Equation of Time - Secular Effects

Secular Effects

The two above mentioned factors have different wavelengths, amplitudes and phases, so their combined contribution is an irregular wave. At epoch 2000 these are the values (in minutes and seconds with UT dates):

minimum −14:15 11 February
zero 00:00 15 April
maximum +03:41 14 May
zero 00:00 13 June
minimum −06:30 26 July
zero 00:00 1 September
maximum +16:25 3 November
zero 00:00 25 December

E.T. = apparent − mean. Positive means: Sun runs fast and culminates earlier, or the sundial is ahead of mean time. A slight yearly variation occurs due to presence of leap years, resetting itself every 4 years.

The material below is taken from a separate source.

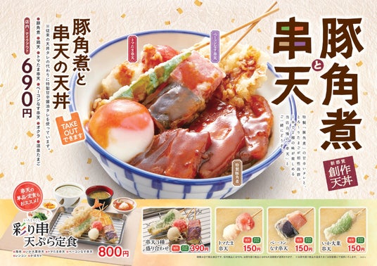 「豚角煮と串天の天丼」は、特製「豚角煮」の甘辛いタレと、とろ~り半熟たまごが相性抜群。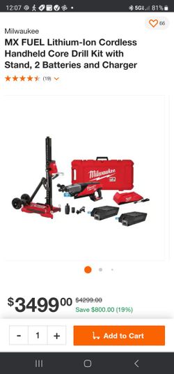 MX FUEL Lithium-Ion Cordless Handheld Core Drill Kit with Stand, 2 Batteries and Charger

The exact shape of the equation of time curve and the associated analemma slowly change over the centuries due to secular variations in both eccentricity and obliquity. At this moment both are slowly decreasing, but they increase and decrease over a timescale of hundreds of thousands of years. If/when the Earth's orbital eccentricity (now about 0.0167 and slowly decreasing) reaches 0.047, the eccentricity effect may in some circumstances overshadow the obliquity effect, leaving the equation of time curve with only one maximum and minimum per year, as is the case on Mars.

On shorter timescales (thousands of years) the shifts in the dates of equinox and perihelion will be more important. The former is caused by precession, and shifts the equinox backwards compared to the stars. But it can be ignored in the current discussion as our Gregorian calendar is constructed in such a way as to keep the vernal equinox date at 21 March (at least at sufficient accuracy for our aim here). The shift of the perihelion is forwards, about 1.7 days every century. In 1246 the perihelion occurred on 22 December, the day of the solstice, so the two contributing waves had common zero points and the equation of time curve was symmetrical: in Astronomical Algorithms Meeus gives February and November extrema of 15 min 39 sec and May and July ones of 4 min 58 sec. Before that time the February minimum was larger than the November maximum, and the May maximum larger than the July minimum. In fact, years before −1900 or 1900 BCE the May maximum was larger than the November maximum. In the year −2000 the May maximum was +12 minutes and a couple seconds while the November maximum was just less than 10 minutes. The secular change is evident when one compares a current graph of the equation of time (see below) with one from 2000 years ago, e.g., one constructed from the data of Ptolemy.